Research
Our laboratory studies how T cells become protective, durable and tissue-localised, and how those principles can be used to design next-generation vaccines and immune interventions.
The program is organised around three connected themes.

1. Fundamental T cell biology and non-coding RNA
T cell fate decisions sit at the centre of protective immunity, vaccine efficacy and immune pathology. We investigate how T cells integrate antigen, cytokine and tissue-derived signals to become effector cells, circulating memory cells or tissue-resident memory cells.
A major focus is the role of non-coding RNA in cytokine-instructed T cell differentiation and immune programming. This work brings together cellular immunology, transcriptomics, genomics and RNA biology to ask how RNA-based regulation controls immune function.
Key questions include:
- How do cytokines instruct durable T cell differentiation?
- Which non-coding RNAs regulate protective or pathogenic T cell states?
- Can RNA biology be harnessed to modulate immune responses therapeutically?
2. Experimental vaccine development and mRNA vaccine platforms
Effective vaccines must generate the right immune response, in the right tissue, for long enough.
We apply mechanistic T cell immunology to vaccine and immunotherapy design, with a focus on platforms that generate strong cellular immunity. Current work includes mRNA-based vaccine strategies, immune evaluation of vaccine formulations, and approaches that direct T cell responses toward tissue-resident memory.
This theme connects the lab to UNSW strengths in RNA science, delivery chemistry, genomics, infection biology and translational vaccine development.
Key questions include:
- How can vaccine platforms be tuned to generate tissue-localised memory T cells?
- Which formulation and delivery strategies best promote protective T cell immunity?
- How can preclinical immune readouts better predict useful vaccine responses?
3. Malaria immunology and tissue-resident memory T cell-based vaccination
Malaria remains a major global health challenge and an important system for understanding tissue-localised immunity. Our work has helped define liver-resident memory CD8+ T cells as a front-line defence against malaria liver-stage infection and has shown that vaccination can be designed to generate these protective cells.

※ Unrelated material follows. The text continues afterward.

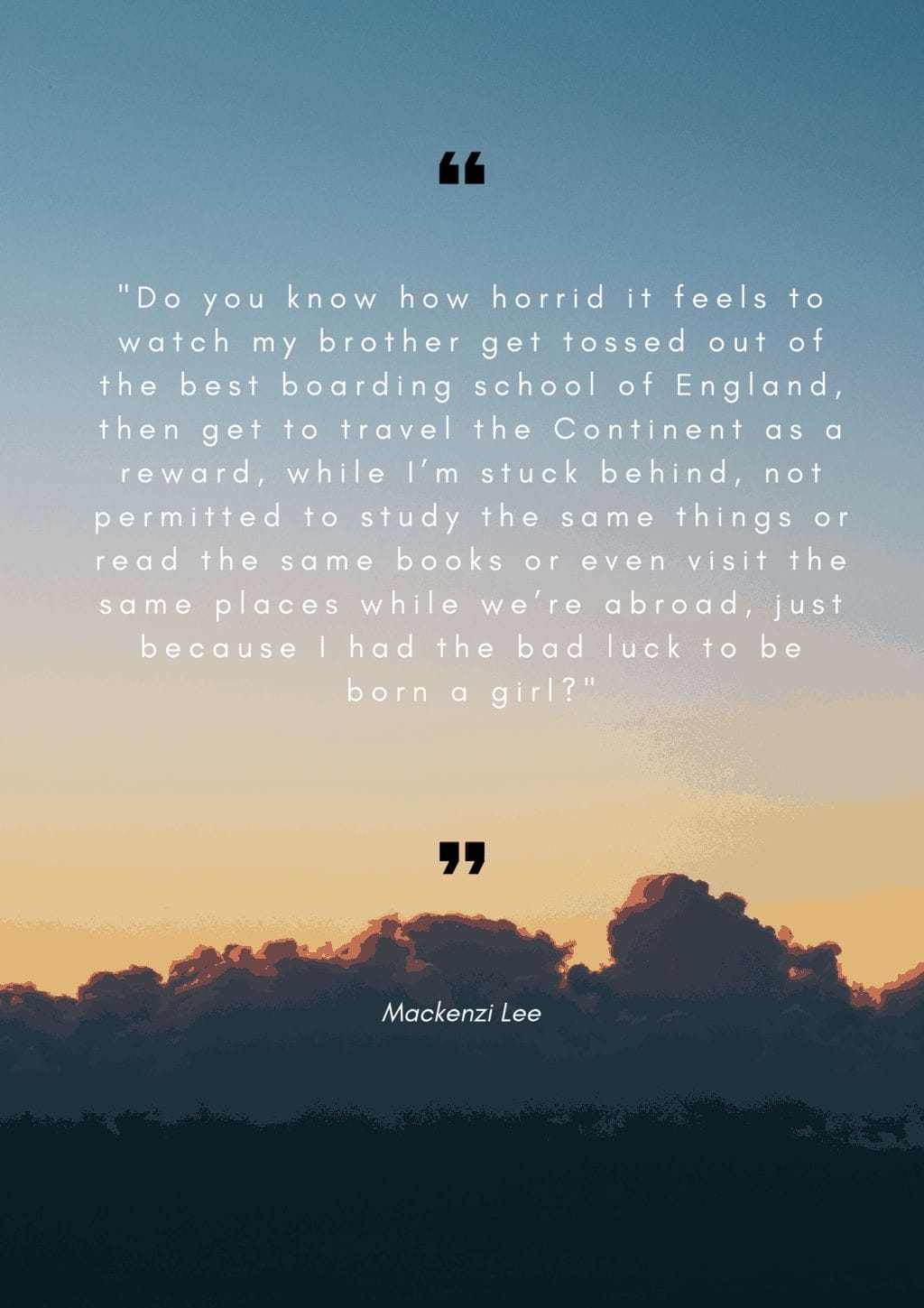 12. “Do you know how horrid it feels to watch my brother get tossed out of the best boarding school of England, then get to travel the Continent as a reward, while I’m stuck behind, not permitted to study the same things or read the same books or even visit the same places while we’re abroad, just because I had the bad luck to be born a girl?” – Mackenzi Lee

At UNSW, we are extending this work toward antigen discovery, mRNA and other vaccine platforms, and human translation. We study the antigenic, cellular and tissue-localisation requirements for durable protection, and work with partners in malaria-endemic settings to test whether mechanisms discovered experimentally are relevant to human immunity.
Key questions include:
- What makes a malaria antigen effective for T cell-mediated protection?
- How do liver-resident memory T cells form, persist and protect?
- How does blood-stage malaria affect vaccine-induced cellular immunity?
- Can mechanisms from mouse models be translated into human malaria immunity?
Platforms and approaches
We combine experimental immunology and translational systems, including:
- flow cytometry, tetramer-based immune profiling and T cell functional assays
- preclinical infection and vaccination models
- tissue-resident memory T cell analysis across organs
- transcriptomics, RNA biology and genomics
- antigen discovery and vaccine immunology
- human sample analysis through collaborative studies
- partnerships in malaria-endemic and vaccine-development settings
Translation
The long-term goal is to use T cell biology to build better vaccines and immune interventions. We work across fundamental discovery, RNA biology, vaccine design, preclinical models and human translation.